Quite often, given the nature of our work, we get presented with unusually shaped spaces or rooms with architectural features that pose a challenge to work around. Many people choose bespoke cabinetry for these reasons, so these challenges have become aspects we have come to expect. Our approach is to identify these problems early on and to prioritise these within the design. Largely these challenges will dictate the layout of the cabinetry and will inform the basis of the design. For instance, in a dark space we will design everything with the intention of maximising the light- in the colour scheme and the materials we use, from reflective surfaces to a carefully considered lighting plan. We always thoughtfully design to get the best out of a space. The beauty of bespoke cabinetry is that all space can be utilised, no matter how awkward it is. Sometimes it’s these characterful nooks, or sloping ceilings, that give a space its identity and make the room feel unique. So, whilst we will always make allowances for challenging spaces, it’s also lovely to celebrate these and make a feature of them where we can.

What are the challenges associated with designing kitchens in small spaces?

Clients tend to come to us with a wish list, which is great in the most part. The more detailed a brief we have the easier it is to get a suitable design drawn up first time around. However, it’s always best to list in order of priority, because in small spaces the challenge is always to balance form and function and every square inch counts. It’s important to be realistic about your space, no matter what size it is, to think about which design aspects are most important to you and where you wouldn’t want to compromise, because although we will utilise all available space and build up to the ceiling if we need to, there is usually an element of compromise in a restricted space.

What’s the kitchen like in the Mundy household?

Busy! It sees the hustle and bustle of family life like most family kitchens. I like to experiment in the kitchen when I get the chance but my wife is the competent cook in our house. When she’s not working alongside me at Will Mundy HQ she’s usually found in the kitchen stirring something delicious. We have teenage daughters who are forever baking or concocting lurid coloured smoothies so the kitchen is frequently a hive of activity. I tend to stay out of the way and get my kitchen fix designing lovely spaces for other people!

Tell us a little about what Will Mundy as a business can offer clients.
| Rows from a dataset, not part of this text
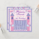 Pretty Princess party invitation with castle towers, banners, crowns and balloons welcome's you to her birthday with the castle gates that include your custom party info. Great for a twin's birthday or baby shower as well! Hand drawn illustration by McBooboo.
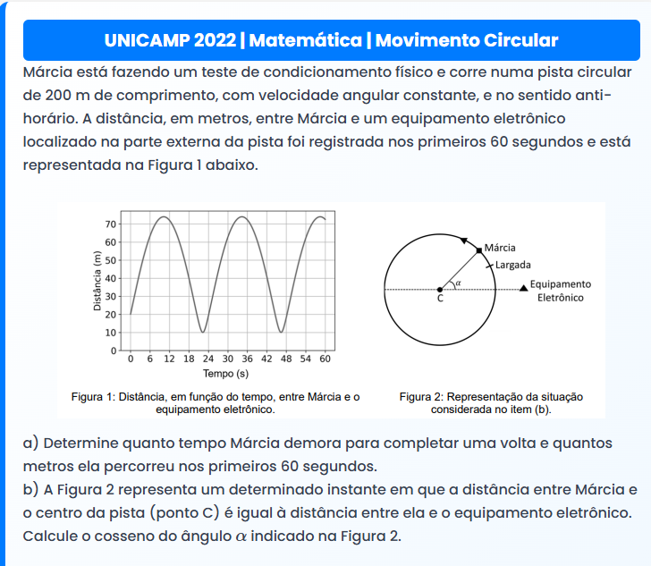 Continue lendoUNICAMP 2022 | Matemática | Movimento Circular UNICAMP 2022 | Matemática | Movimento Circular Márcia está fazendo um teste de
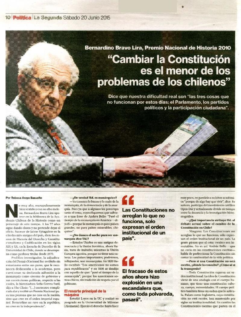 Bernardino Bravo Lira propuesto para Premio Nacional de Historia [artículo].
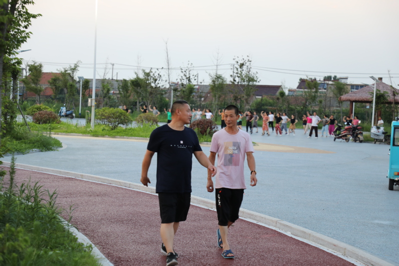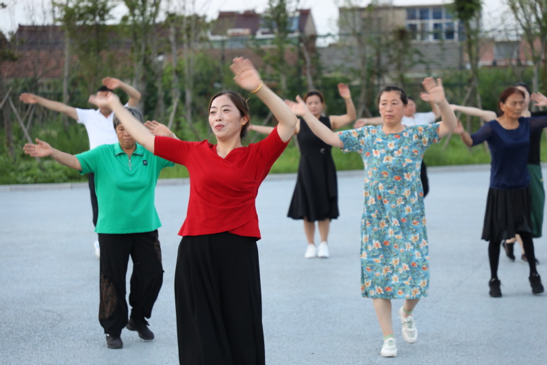 廣場舞臺上的愜意。每天傍晚6:30分,文化廣場都會傳出一陣陣歡快的音樂聲,伴隨著音樂的節(jié)奏,近百人舞動的身姿吸引著不少人跟著跳動比劃。自文化廣場建成后,農場公司特地在百姓大舞臺廣場安裝了接電裝置,為職工居民跳廣場舞提供方便,舞臺南側的高桿燈光明亮,舞者們的臉上洋溢著幸福的微笑。廣場建成后,退休職工黃淑英主動當起了廣場舞的老師,每天領著大家一起跳操跳舞健身,一支百余人的廣場舞隊每天活躍在文化廣場,帶動了更多的職工居民加入到跳舞健身的行列。黃淑英說:每晚跳舞健身后的大汗淋漓舒服極了,不僅使全身都得到了活動和放松,增強了體質,還增進了大家之間的感情。

I’d like to think people come to us, firstly and foremostly, for beautiful cabinetry and functional design, but the experience we offer clients stretches far beyond this. The process of taking a project from the initial brief, to the design and through to installation can be involved and requires a certain amount of guidance to ensure all runs smoothly. My wife and I are always the main points of contact and a client will always deal with us directly throughout. As a small business we’re proud to be able to offer a level of personal service rarely found in larger companies.